Le rapport au temps est changé. Les temps de formation sont dilatés.

Il est dès lors tout à fait légitime, voir incontournable de se poser la question du temps de travail étudiant. En 3e année dans mon université les étudiants ont 26 heures de cours réparties sur 4 jours, le 5e jour ils sont en stage. Les étudiants ont donc 6 à 7 h de cours par jour. Si chaque discipline fonctionne  en proposant des tâches complexes à réaliser et, en même temps, complémente le dispositif par des modules complémentaires obligatoires  se faisant en dehors des cours, le temps dont dispose l’étudiant pour travailler va vite devenir insuffisant. Dans ma formation,  il est impossible pour l’étudiant de tout faire. Il est obligé de faire des choix, de délaisser certains modules… Le nombre d’heures en présentiel ne veut donc plus rien dire et il est absolument  nécessaire d’estimer la charge de travail totale de l’étudiant pour juger de la faisabilité d’une formation. Le système de crédit est d’ailleurs conçu à la base dans cet esprit puisque 1 crédit représente entre 20 et 25 h de travail étudiant. En France pourtant on semble ne pas prendre en compte ce principe. 
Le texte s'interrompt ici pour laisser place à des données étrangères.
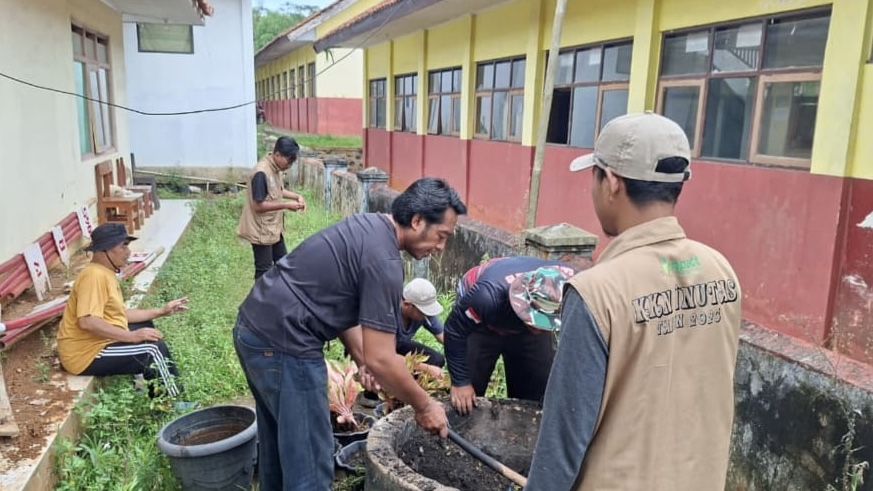 Nagaratengah – Gemamitra.com | Mahasiswa Kuliah Kerja Nyata (KKN) Kelompok 04 Institut Nahdlatul Ulama Tasikmalaya (INUTAS) bersinergi dengan warga dan perangkat Desa Nagaratengah melaksanakan kegiatan gotong royong pembersihan lingkungan dan penghijauan di sekitar Kantor Desa Nagaratengah, Kecamatan Cineam, Kamis (15/01/2026).

Qu’en est-il du temps de travail enseignant qui lui aussi est calculé sur une base de présentiel. Le fonctionnement en tâche complexe entraîne souvent une augmentation du temps de régulation pour l’enseignant, le travail par module complémentaire va nécessairement impliquer un important travail de conception. Non seulement donc l’enseignant doit maîtriser le contenu de son cours (ce qu’il faisait déjà dans une approche par les savoirs), mais il doit en plus réguler la tâche complexe, et peut-être concevoir des modules complémentaires de formation. Là encore le temps en présentiel ne veut plus rien dire. Le présentiel n’est plus, et de plus en plus, que la partie visible de l’iceberg, or c’est bien sur cette partie visible qu’est comptabilisé le temps de travail des enseignants. Cela ne tient pas. Pourquoi ne pas admettre un calcul différent du temps de travail. En différenciant de manière responsable et réfléchi le temps de conception, le temps en présentiel, et le temps de régulation comme le font les formations entièrement à distance.  Cela existe au Canada, en Belgique pourquoi pas en France.

L’approche par compétence nécessite de concevoir d’autres formes de travail. Pour que les innovations soient possibles il est nécessaire de remettre à plat le calcul du temps de formation, pour les étudiants mais aussi pour les enseignants.